Book Reviewer Wanted
The Friday Book Club is looking for a review to report on a recently published book that they’ve read or give a short synopsis of 5-6 books that will be hitting the stores in the near future. The club meets from 1-2 pm on the first Friday of each month (October – May). Dessert and coffee/tea are served. The reviewer comes once during the season, and each reviewer is paid for their time.
Observation/Shadow
Derek Stearns is a Gifted Facilitator with Goddard Public schools who is looking to set up a short or long-term observation/shadowship for a gifted student looking to pursue a career in publishing. Please contact Derek via email at dstearns@goddardusd.com or via phone at 316-794-4100 (ext 52152).
2024 KWA Anthology
Guidelines:
- Must be a member of KWA.
- No pornographic material (try to make it suitable for ages 10 to 90).
- Must be an unpublished work which you own the rights to (you will retain the rights to
your work even after publication). - Use only the name you wish to have listed as the author.
- Short stories shall be limited to 1 per author and can be no longer than 7,000 words.
Poetry shall be limited to 5 per author and can be no longer than 50 lines per poem. Also
remember that the book is 6 x 9 inches and if you write a line that has fifty words, it will
get split up on the page. So think about how you want your poetry to look – might even
use page set up at 5 1/2 by 8 1/2 when you write it. - Submission rules: Please make sure that it is single spaced, 12 pt. Times New Roman,
paragraph indention 2 spaces. Full justification. If you wish to leave a space between
paragraphs, then please center space with ***. If possible Word works best. (Because
there are so many different writing programs some of them seem to take on their own life
when they are e-mailed. Such as a space between every paragraph, which I then must
determine was it on purpose or not, usually not. This is why the *** helps to know that is
how the author wants it. And some works have an indention of 7 or 8 spaces, which does
not look good in book form.) - E-mail as an attachment (this is very important – will not accept it any other way) to:
Attn – Sonny Collins - Deadline is August 30, 2024 – no exceptions.

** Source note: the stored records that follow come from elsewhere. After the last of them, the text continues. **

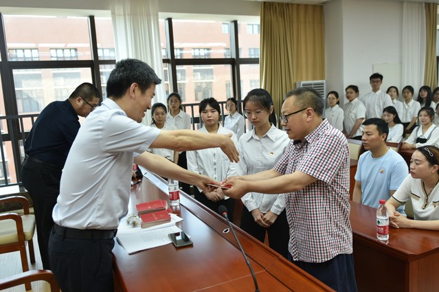 仪式伊始,全体起立,奏唱《国歌》,祝国超书记为预备党员发放《中国共产党章程》和党员徽章。
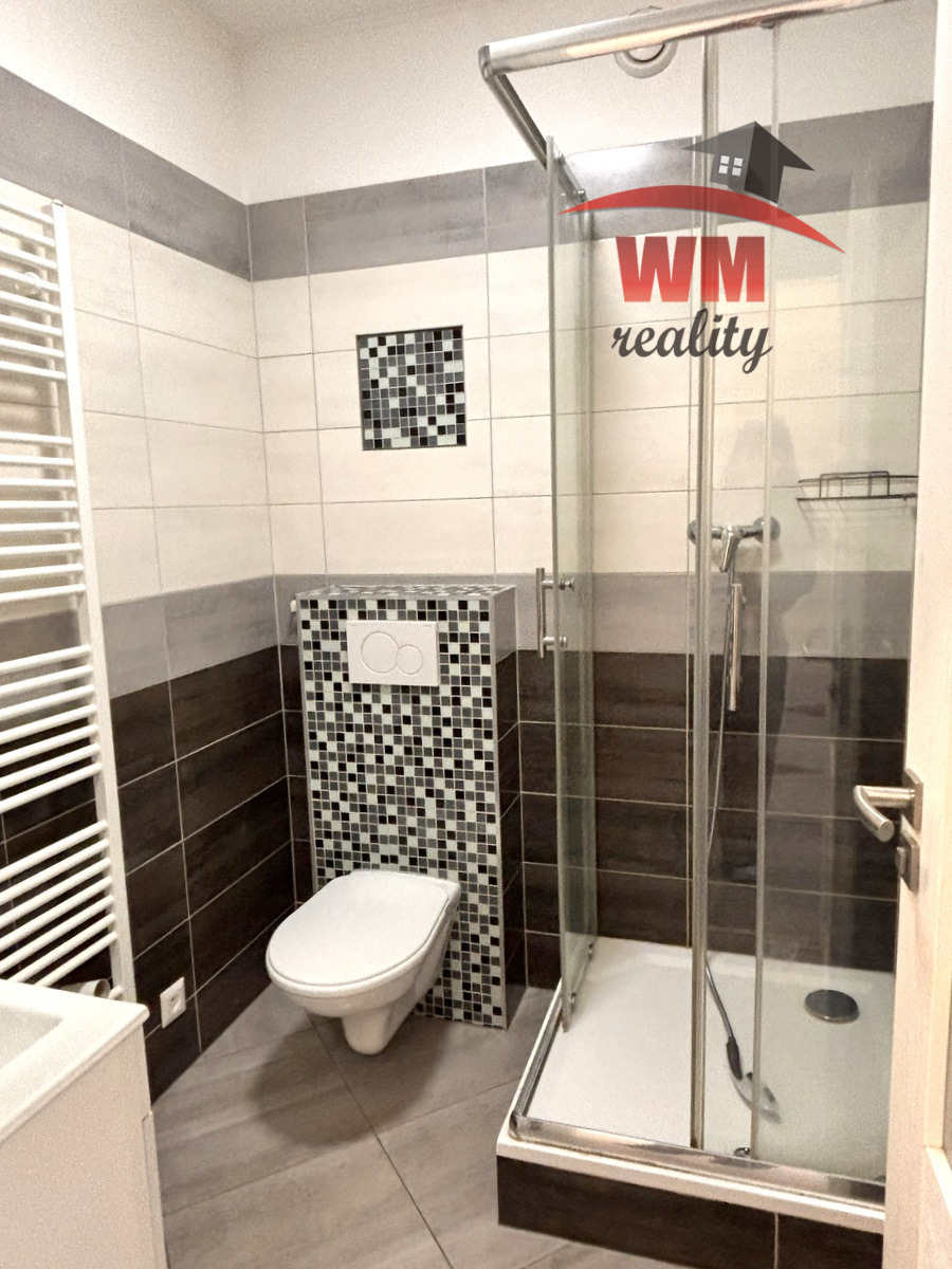 V bytě je osazena kuchyňská linka, trouba se sporákem. V koupelně je sprchový kout a wc je součástí.
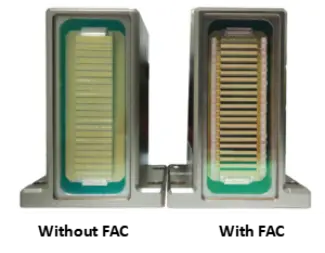 Laser diod secara amnya tidak cekap kerana perbezaan yang tinggi dan tidak simetri, terutamanya dalam paksi pantas. Teknologi FAC menyelesaikan masalah ini dengan meletakkan kanta silinder apertur berangka tinggi (NA≈0.8) terus di hadapan pemancar laser, menghasilkan pancaran berintensiti tinggi yang dikolimasikan
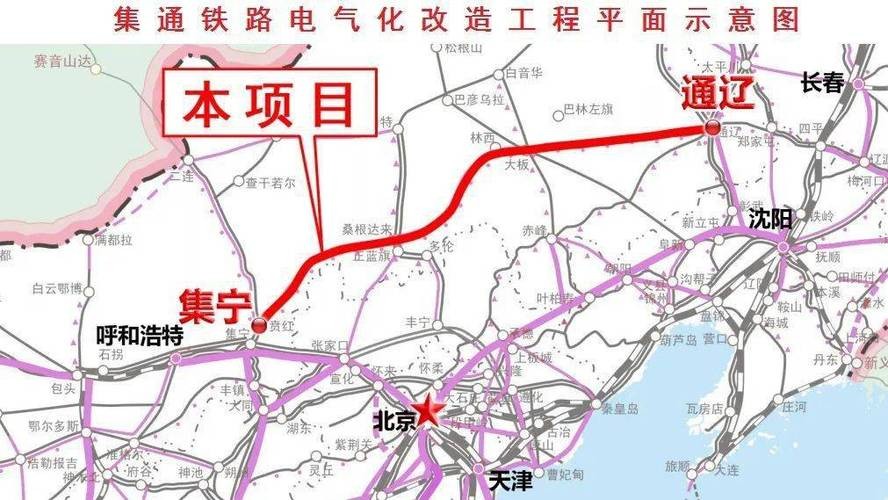 此外,集通铁路电气化改造工程自2022年8月开工建设,总投资11.89亿元,新建3座220千伏开关站,立塔1668基,并铺设长达581.8千米的20条外送线路,为集通铁路10个牵引站提供双电源供电保障5。改造完成后,客货运输能力将大幅提升,年货运量将由最初的3600多万吨提高至8000万吨以上,列车运行速度也将显著提升6。

Send submission to: prairiemoonpublications@hotmail.com
2025 CALL FOR PAPERS – 52nd Annual Louisville Conference on Literature & Culture
FEB 17-18 – Virtual / FEB 20-22 – In-Person
Featuring Keynote Speakers – Rachel Kushner, Ben Lerner, Jahan Ramazani, and Georgie Medina Marcano
The Louisville Conference on Literature & Culture welcomes critical papers and full panel discussions about literature from the 20th and 21st centuries and its connections to other art forms and academic fields. The conference also welcomes creative submissions, such as literary compositions, videos, or hybrid genres. Additionally, critical-creative submissions exploring poetics, crafts, or writing practices are welcomed.
Confirmed LCLC52 events include The Hero Project of the Century: Tyrone Williams As iZ (Aldon Nielsen, organizer) and The Function of Music in Poetry (Adeena Karasick and Mark Scroggins, organizers). And so much more to come!
VENDORS and EXHIBITORS are welcome. Contact Emily Ravenscraft, Conference Coordinator at lclc@louisville.edu to learn how you can be a part of LCLC52.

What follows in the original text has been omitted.